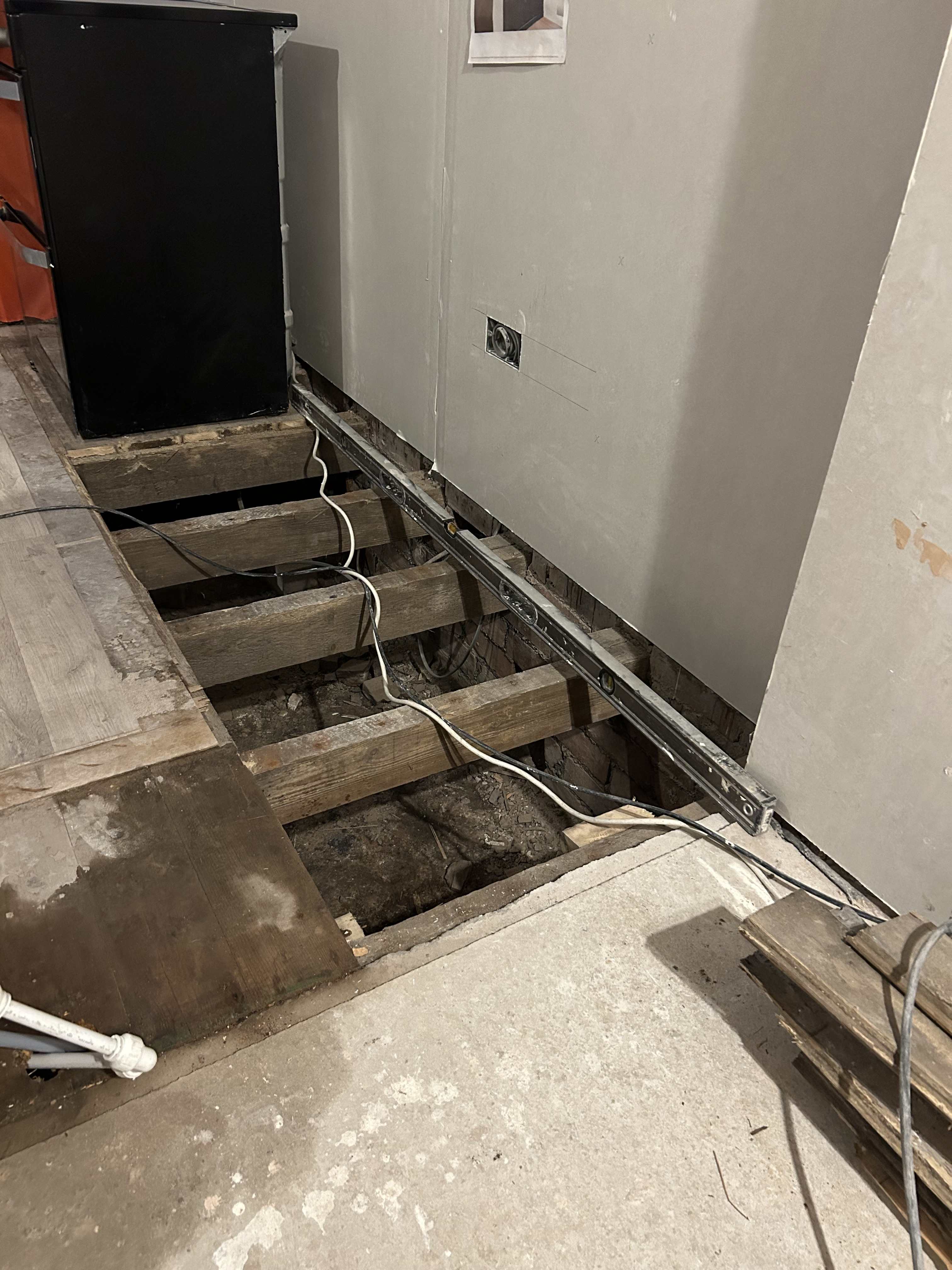 Hi, we are going to have LVT laid on the whole hall and kitchen section incorporating the new concrete and old suspended floor. our joists dip into this corner (floor boards are in a bad way as kitchen units have been on top for years) so I need to level up (sister some 5x2 onto the old joists sitting them proud?) you can see the run off from the concrete edge getting larger. i will then replace the T&G with 18mm (or more?) ply glued and screwed. Should I just butt upto the concrete, pass over the top so the SLC can butt upto it, or something else?? cheers
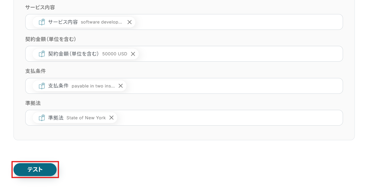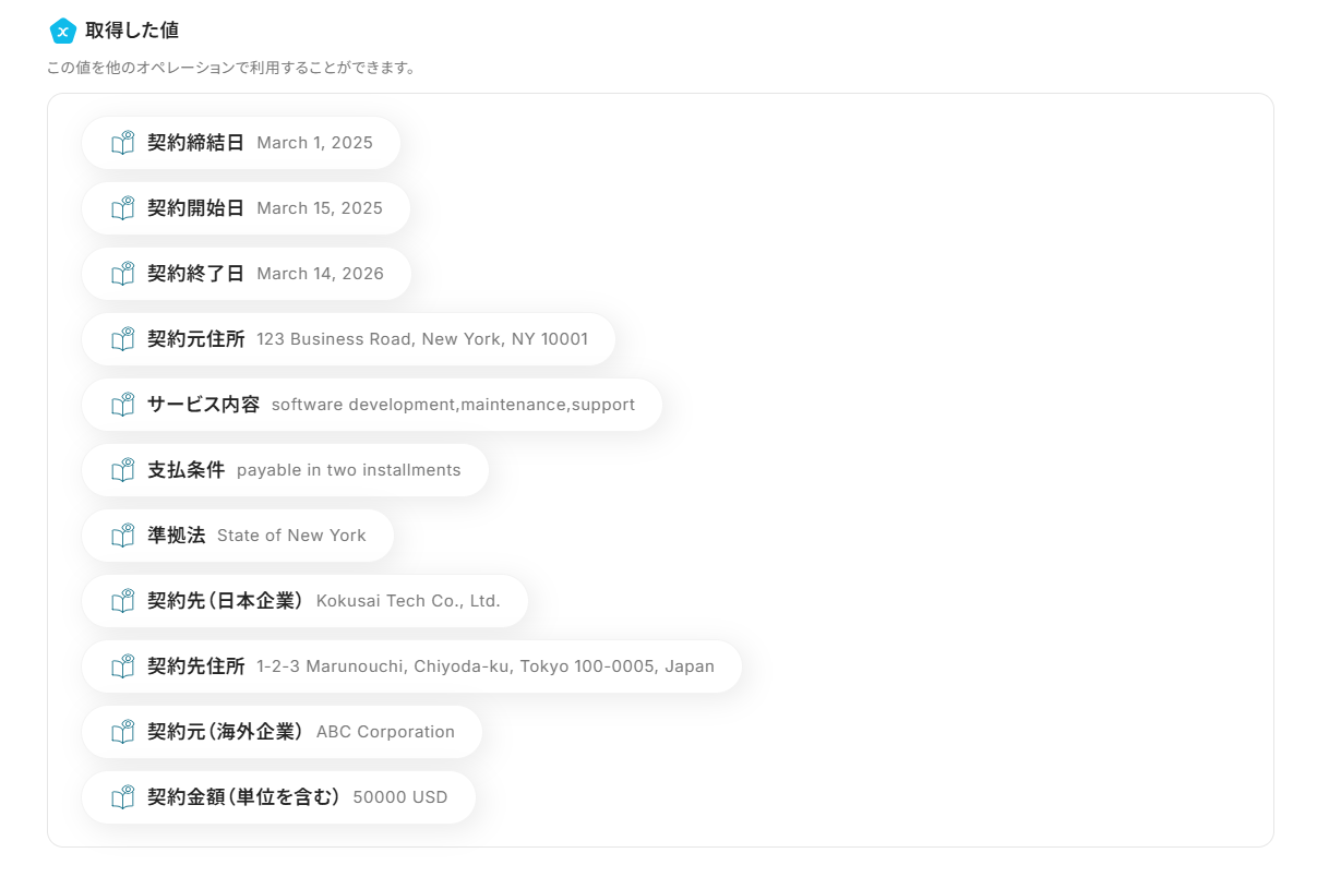 テストに成功すると、「抽出したい項目」に設定した項目の値がファイルから抽出され、「取得した値」に追加されます。 ※ 期待する値が抽出されていない場合には、「使用するAI」を変更して再度お試しください。
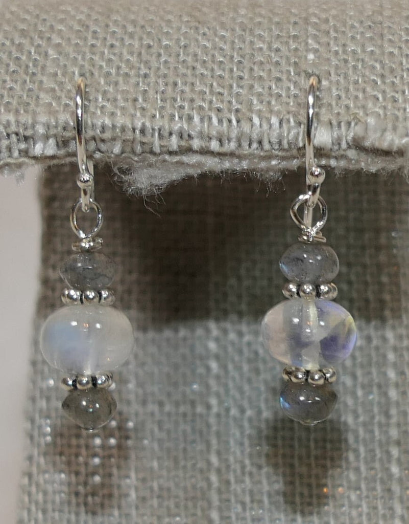 Illuminate your style with our stunning Blue Flash Moonstone Earrings, where each exquisite dangle showcases the captivating play of colors that only natural gemstones can offer. Designed to resonate with bohemian elegance, these earrings feature shimmering moonstone complemented by sparkling labradorite, making them a perfect statement piece for any occasion. Experience the enchanting glow that radiates from these gemstone drops as they catch the light, adding a touch of magic to your outfit. Don't miss out on elevating your jewelry collection—grab your pair today and let your unique style shine!

Exercise details
Through to the final line, copy the material above exactly and skip the images.

Written response
 Hi, we are going to have LVT laid on the whole hall and kitchen section incorporating the new concrete and old suspended floor. our joists dip into this corner (floor boards are in a bad way as kitchen units have been on top for years) so I need to level up (sister some 5x2 onto the old joists sitting them proud?) you can see the run off from the concrete edge getting larger. i will then replace the T&G with 18mm (or more?) ply glued and screwed. Should I just butt upto the concrete, pass over the top so the SLC can butt upto it, or something else?? cheers
 テストに成功すると、「抽出したい項目」に設定した項目の値がファイルから抽出され、「取得した値」に追加されます。 ※ 期待する値が抽出されていない場合には、「使用するAI」を変更して再度お試しください。
 Illuminate your style with our stunning Blue Flash Moonstone Earrings, where each exquisite dangle showcases the captivating play of colors that only natural gemstones can offer. Designed to resonate with bohemian elegance, these earrings feature shimmering moonstone complemented by sparkling labradorite, making them a perfect statement piece for any occasion. Experience the enchanting glow that radiates from these gemstone drops as they catch the light, adding a touch of magic to your outfit. Don't miss out on elevating your jewelry collection—grab your pair today and let your unique style shine!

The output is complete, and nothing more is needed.